ご存じのように、ミルトン・フリードマンは卓抜な比喩を使いながら、国際マクロ経済の政策論をおこなった。例えば、変動為替レート制の良さをサマータイムを利用して議論した。日中の太陽を利用しようと思えば、実質で1時間早く早起きすればいい、1時間早く始業すればいい。その時に、方法は二つある。時間の進み方を変えずに、起床時間を午前6時から午前5時に変える、始業時間を午前9時から午前8時に変える。このようにすると、経済の諸所の時間(スケジュール)を全て書きかえることになってしまう。それは面倒だ。費用がかかる。フリードマンが提案したもう一つの方法はサマータイムである。サマータイム導入で時間を一時間進めることにより、我々の起床時間は午前6時のまま実際は1時間早くなる。フリードマンは、為替レートの調整により、賃金を個別個別の業種・企業において低くしなくても競争力が回復できることを議論した。

マクロの議論って本質的にこういうものだと思う。何かそのイシューにおける「為替レート」のようなものを見つけ出して、それをどう調整していくか議論することだと思う。つまり、起床時間をall Japanで個別に午前6時から午前5時に変えるにはどうしたらいいか、というのはあまり質の高いマクロの議論ではないと思う。非常に手間のかかる労多い作業だ。それをマクロで議論するってこと自体も不毛だ。そういうことはミクロの現場に任せておけばいい。ミクロの現場では、起床時間を一分早めるのにどういう工夫が必要か、いつもいつも議論して、実験して、フィードバックしている。現場ってそういうものだ。

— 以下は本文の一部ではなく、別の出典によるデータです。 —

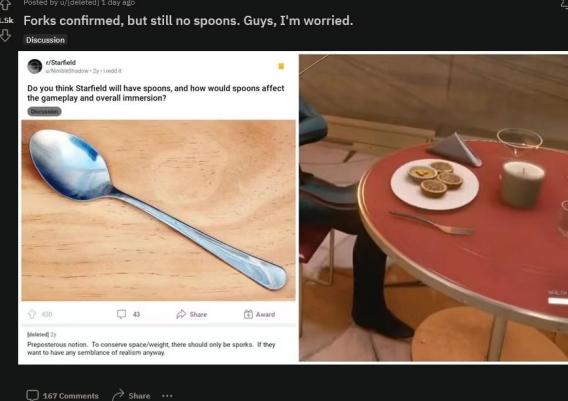 玩家發布文案的時候還上傳了一張截圖,發帖人表示:“你們認為《星空》終會有勺子嗎?勺子會如何影響游戲玩法和整體沉浸感?”最終的結果證明這位玩家擔心是正確的。從圖片中可以看到角色,圍坐在桌子旁邊在準備吃東西,但是桌子上只有叉子,并沒有勺子,這也讓很多玩家認為游戲的體驗感會大大降低。游戲中雖然沒有勺子,但是還有很多不需要勺子就可以吃到的食物。游戲愛好者將自己喜歡的三明治加入到作品中,就不需要借助勺子。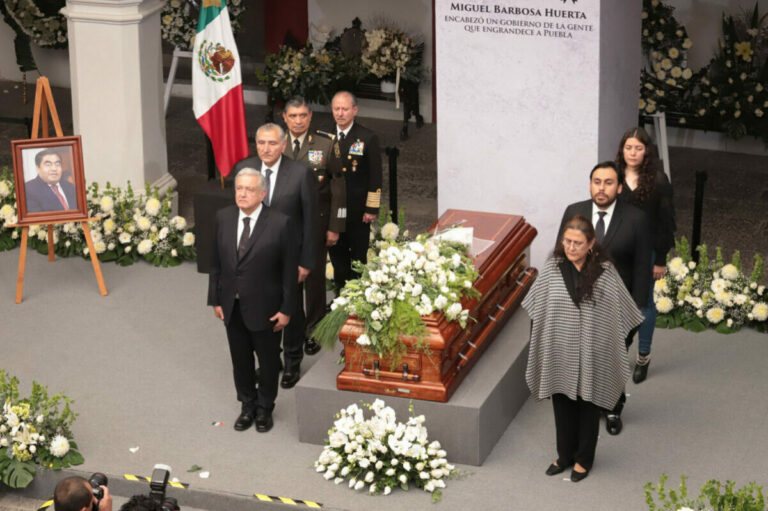 Después de sus palabras, el mandatario estatal, junto con la esposa de Miguel Barbosa, sus hijos y miembros del Gabinete, encabezó una de las primeras guardias de honor al lado del féretro de Miguel Barbosa Huerta.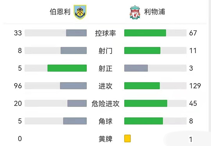 第86分钟,萨拉赫反击中送出妙传,若塔抢射偏出。全场比赛结束,利物浦1-0击败伯恩利,收获联赛四连胜。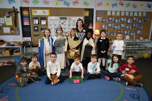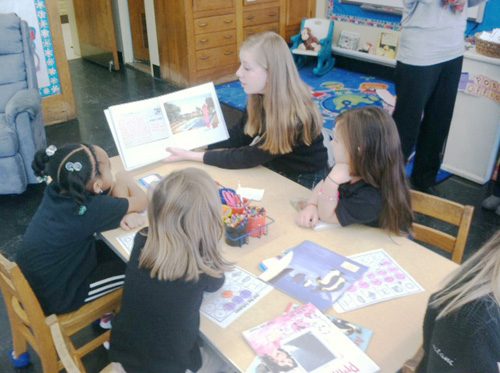 Students from Seton Catholic Central in Binghamton visited St. John the Evangelist School, where they read to kindergarten, first, second, and third graders. Under the guidance of Seton science teacher Linda Garbade, the 20 Seton students broke up into groups of four and spent about an hour in one of the primary classes. The St. John students had a great time having some of their favorite books read to them by the “big kids.” (Photo courtesy St. John the Evangelist School)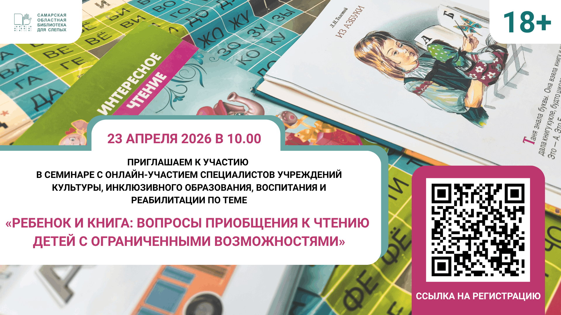 23 апреля 2026 в 10.00 (время самарское) Самарская областная библиотека для слепых организует семинар с онлайн-участием специалистов учреждений культуры, инклюзивного образования, воспитания и реабилитации по теме «Ребенок и книга: вопросы приобщения к чтению детей с ограниченными возможностями»

日米教育交流で学生のmindsetを留学に向かわせようと変革しようとマクロで議論しているセミナーには、そういう労多さ感が漂う。否、漂っていなくてはいけない。端的に、それは「しごき主義」だ。確かに、学生がpro留学になるmindsetを持てば、留学の数は増えるだろう。しかし、それは労多いミクロの議論で、マクロの議論ではない。マクロの議論とは、何が「為替レート」なのか、それを調整していけばマクロの変数がどう増えるのか、実証するとどうなるのか、そういう議論だろう。もちろん、ミクロの参加者は学生のmindsetを議論する。それが現場だからだ。しかし、マクロの議論をするってことはそれだけでは済まない。マクロの研究者は「為替レート」の議論をしなければいけない。ミクロの議論だけなら、マクロの議論やセミナーは総じて不要だろう。

教育のマクロの研究者は、何が「為替レート」なのか考えているのだろう。いつかそれを教えてもらおう。そうでなければ、マクロの研究課題は無い。全てがミクロだ。